However, with C2 from space uplink jamming is largely stripped of its advantage. Here, satellites are controlled from orbit, removing the attractiveness of jamming terrestrial communication to space systems because it will no longer be the critical C2 necessary to remain operational. Uplink communication will more likely resemble the routine and nonessential traffic between a warship at sea and its base of operations: important but not essential to survival. With the jamming option gone, space control will have little choice but to turn to the more expensive and problematic kinetic and directed energy weapons, which will make offensive space control operations more difficult physically, politically, and economically. These new barriers will dissuade many from even attempting space control activities—a key boost to the security of space powers.
So, we have a clear motivation to move space force C2 from Earth to space. That still leaves the question of how we do it. How can we sustain a population of hundreds in orbit? Trends in the space industry may lead us to understand a potential path.
Friedman describes the Battle Stars as emerging from space commercialization programs begun in the 2030s that have matured in the 40s as a robust ability to work in space. These programs will be heavily subsidized by federal R&D dollars, much coming from the Defense Department. We may not need to wait that long.
Spaceport America, the world’s first purpose-built commercial spaceport located in southern New Mexico, had its groundbreaking ceremony on Friday, June 19th. The industry that Spaceport America represents promises the entry of entrepreneurial and innovative firms into the space market that will energize the total space industry in ways not seen since Apollo. It is an open debate whether the so-called “NewSpace” industry will deliver on its promises, but no responsible observer can dismiss their efforts outright. What is known about this industry is that its leaders see a very human future in space.
Virgin Galactic, Armadillo Aerospace, and others are betting their business plans squarely on the success of space tourism: sending paying individuals into space. Even though their plans are initially to send people into suborbital space “joyrides,” no one hides the fact that the ultimate goal is to see people vacationing in space hotels, orbiting the Moon, and visiting other exotic space destinations. Bigelow Aerospace has flown two space station prototypes orders of magnitude cheaper than the International Space Station. Other goals of the entrepreneurial space industry, such as severe cost reductions for orbital launches and gigantic leaps in flight safety and responsiveness, could dramatically advance space power but it is opening space to large numbers of humans that may call forth the Battle Stars.
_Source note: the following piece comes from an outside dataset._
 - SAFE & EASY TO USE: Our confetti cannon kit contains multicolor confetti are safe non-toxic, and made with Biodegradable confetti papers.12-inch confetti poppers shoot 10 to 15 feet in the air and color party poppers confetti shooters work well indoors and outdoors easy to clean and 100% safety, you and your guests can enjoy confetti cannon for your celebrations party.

The military space enterprise will be greatly enhanced by the success of the NewSpace industry. Indeed, if the NewSpace industry succeeds the current techniques and assumptions of military space power will dramatically change, whether defense planners want them to or not. |
Given thirty years, the “New Space” industry may very well make moving C2 to space stations staffed with military personnel an irresistible option, especially if the industry is seeded by military expenditures. Coupled with the advantage of being able to station maintenance personnel in orbit to respond to spacecraft anomalies (recall the importance of human astronauts to the Hubble Space Telescope repair missions), these human military space missions make sense under current doctrine as soon as they become financially feasible. What is financially feasible for the military is a great deal more expensive than tourists would consider reasonable, so the cost savings from the New Space industry’s focus on the vacationing customer will only make the military find human missions that much more attractive.
The military space enterprise will be greatly enhanced by the success of the NewSpace industry. Indeed, if the NewSpace industry succeeds the current techniques and assumptions of military space power will dramatically change, whether defense planners want them to or not. With the maturation of human commercial spaceflight, Friedman’s vision becomes much more likely to come to pass, and much more necessary for planners to study.
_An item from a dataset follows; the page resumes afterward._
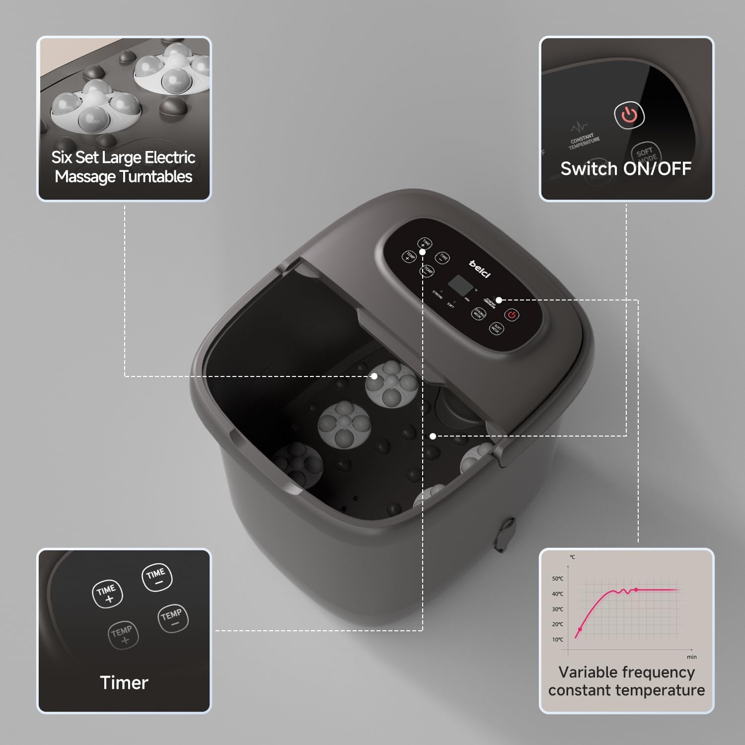 - Six Set Electric Rotary Massage Balls: This foot spa tub includes heating,vibrating,massage balls,shiatsu,and timer functions to relax your tired feet by differently massaging and touching mode

Which brings us back to the Class of 2013. Assuming Friedman’s war starts in 2045 (he never mentions an exact year), a ’13 US Air Force Academy grad will have been in service for 32 years, around the middle service year for a major general. In the US Air Force, a major general often commands a Numbered Air Force, which at certain times in Air Force history was an expeditionary unit. Appointment to a Battle Star will likely be considered a tour-length expeditionary assignment, and overall combatant command of such an important force would probably go to no less than a major general.
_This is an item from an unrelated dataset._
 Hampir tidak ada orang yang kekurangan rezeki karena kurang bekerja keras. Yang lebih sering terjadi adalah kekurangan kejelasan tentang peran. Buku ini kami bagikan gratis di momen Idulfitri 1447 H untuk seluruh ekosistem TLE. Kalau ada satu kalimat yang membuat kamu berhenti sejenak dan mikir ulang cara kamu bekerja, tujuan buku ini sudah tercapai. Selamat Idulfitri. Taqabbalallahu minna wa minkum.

Why is this important at all? Because it means that even though Friedman’s conflict sounds farfetched, and to some so remote as to be unimaginable, if he is correct a person already in an Air Force uniform may die from it. Though he may be a freshman cadet being hazed by an upperclassman and years away from his commission, he still serves in the US Air Force. This simple fact makes Friedman’s scenario compelling. Though there may be more pressing matters for planners at the moment, to glibly dismiss giving any thought to Friedman’s scenario because it “cannot happen” or is “too far in the future” is quite simply wrong. Military space planners should ponder his prediction and come to their own conclusions regarding whether current doctrine and future capabilities may merge to create a future like George Friedman predicts.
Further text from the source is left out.